Whether conduct is contrary to the interests of the members as a whole is determined by reference to whether the conduct adheres to accepted standards of corporate behaviour or is in accordance with how reasonable directors would act in attending to the affairs of the company: Goozee v Graphic World Group Holdings Pty Ltd (2002) 42 ACSR 534 at [42]-[44]. Attention is to be directed not to the interests of the persons who are in fact members but rather the interests of an individual hypothetical member: Goozee at [42].
In Wayde v New South Wales Rugby League Ltd (1985) 180 CLR 459, Brennan J described the phrase "oppressive to, unfairly prejudicial to, or unfairly discriminatory against" as concerned with:
… whether reasonable directors, possessing any special skill, knowledge or acumen possessed by the directors and having in mind the importance of furthering the corporate object on the one hand and the disadvantage, disability or burden which their decision will impose on a member on the other, would have decided that it was unfair to make that decision.
It has been said that the "history and structure of the particular company and the reasonable expectations of the members" are to be taken into account in determining whether the detriment to the complaining member's interests is "justifiable": Thomas v HW Thomas Ltd [1984] 1 NZLR 686 at 694 (Richardson J); Re Ledir Enterprises Pty Ltd (2013) 96 ACSR 1 at [179] (Black J).
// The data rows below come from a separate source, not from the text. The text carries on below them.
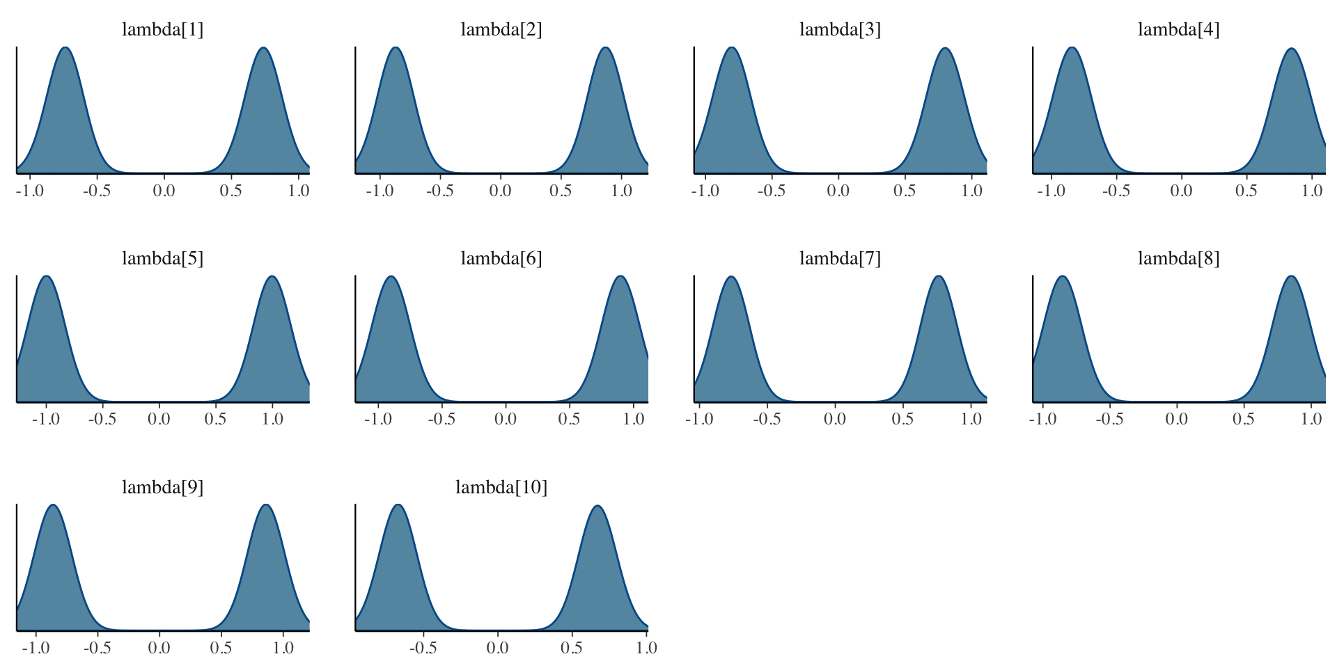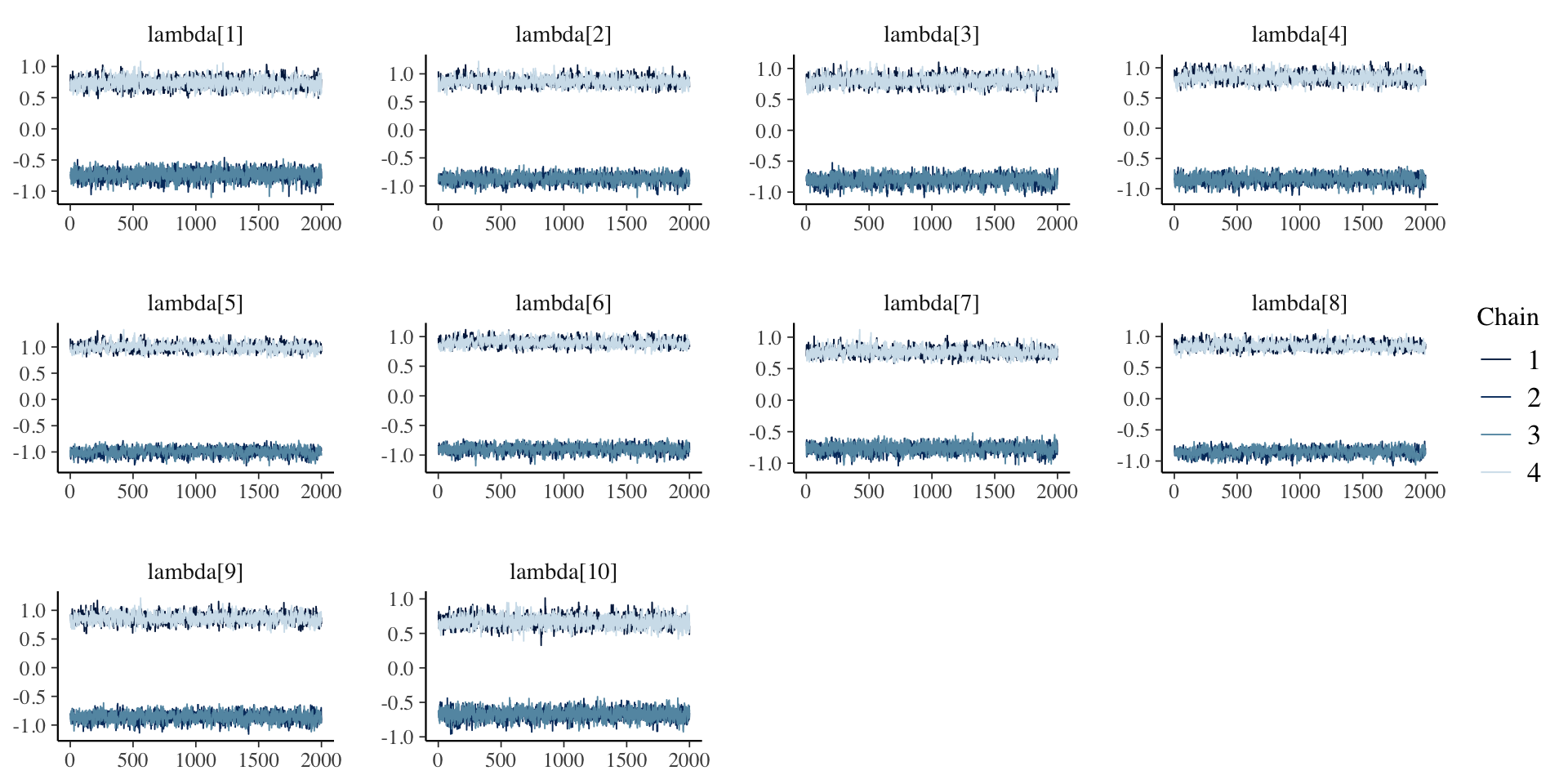 # set starting values for some of the parametersmodelCFA_samples2fixed = modelCFA_stan$sample(data = modelCFA_data,seed =25102022,chains =4,parallel_chains =4,iter_warmup =2000,iter_sampling =2000, init =function() list(lambda=rnorm(nItems, mean=10, sd=2)))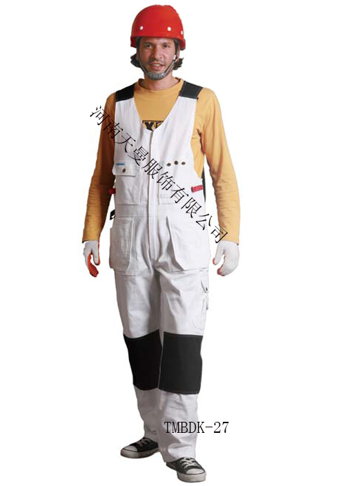 - 產(chǎn)品簡介:背帶褲 新款背帶褲 產(chǎn)品詳細(xì)描述 : 面料:純棉 10*10,72*40,260-270 gsm;兩個帶蓋胸兜;前門襟塑脂拉鏈, 兩個活動式前下兜,腿部工具兜,腰部可以調(diào)節(jié)松緊,膝蓋部位另加一層防護(hù)布料。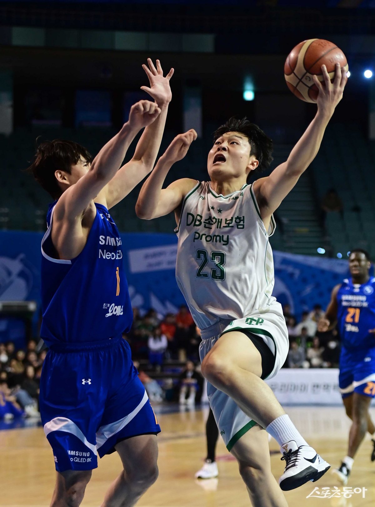 30일 서울 잠실실내체육관에서 열린 ‘2023-2024 정관장 프로농구’ 서울 삼성과 원주 DB의 경기에서 DB 박인웅이 삼성의 수비 앞에서 슛을 하고 있다.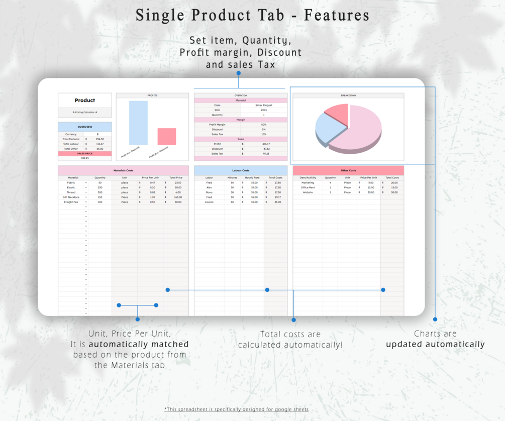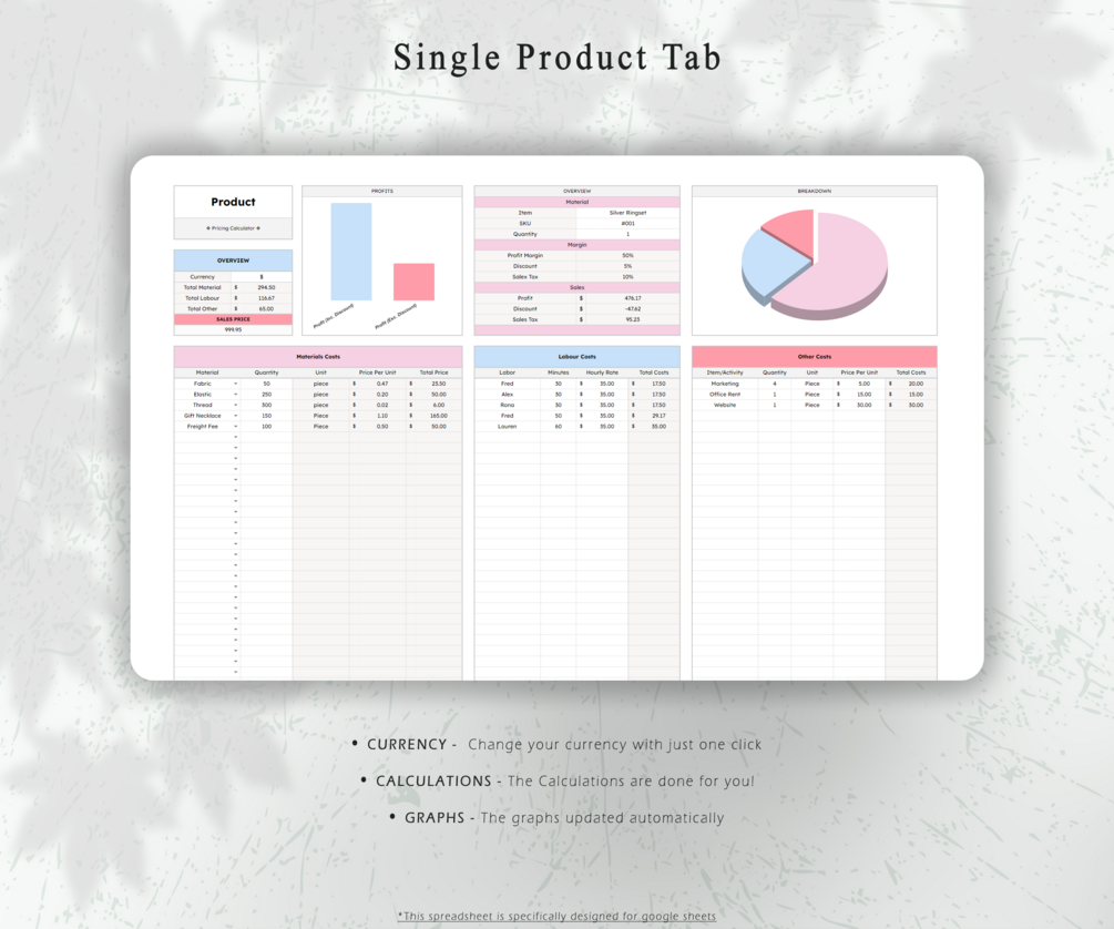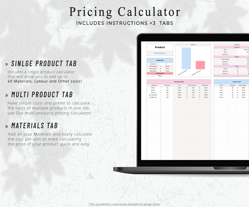 Our Pricing Calculator is the perfect tool to to price your items! Track your material inventory, keep a close eye on supplier pricing, create comprehensive product listings and accurately price your products.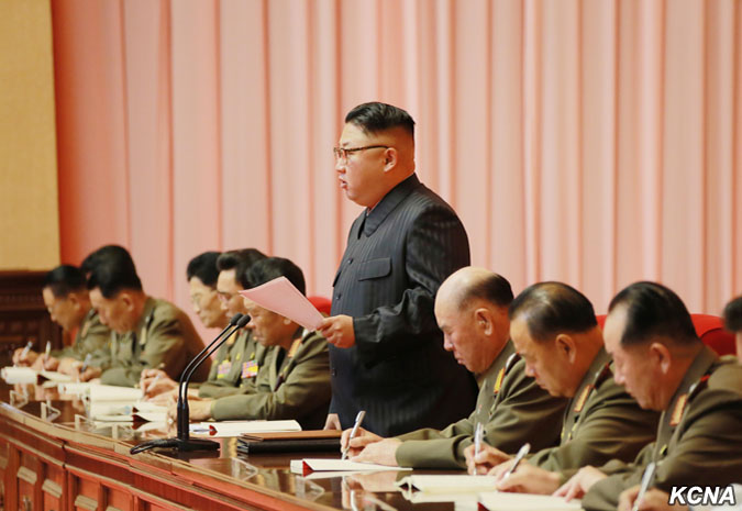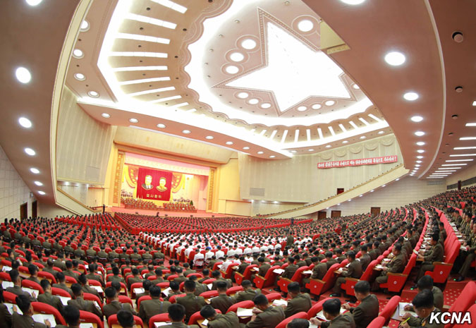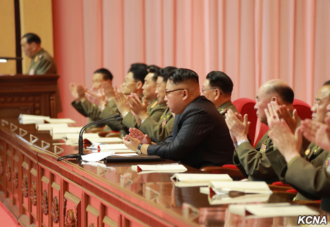 Vicemaršál KLA Hwang Pjong So, ředitel Generálního politického byra KLA, přednesl na schůzi zprávu.

Oppression will not be found merely on the basis that the company has been mismanaged or managed poorly: Donaldson v Natural Springs Australia Limited [2015] FCA 498 at [250]; Ananda Marga Pracaraka Samgha Ltd v Tomar (No 6) (2013) 300 ALR 492 at [417].
Counsel for Bideena submits that there is a "prima facie" case of oppression. Counsel has identified with reference to the documents filed the evidentiary materials which it is submitted establish a prima facie case.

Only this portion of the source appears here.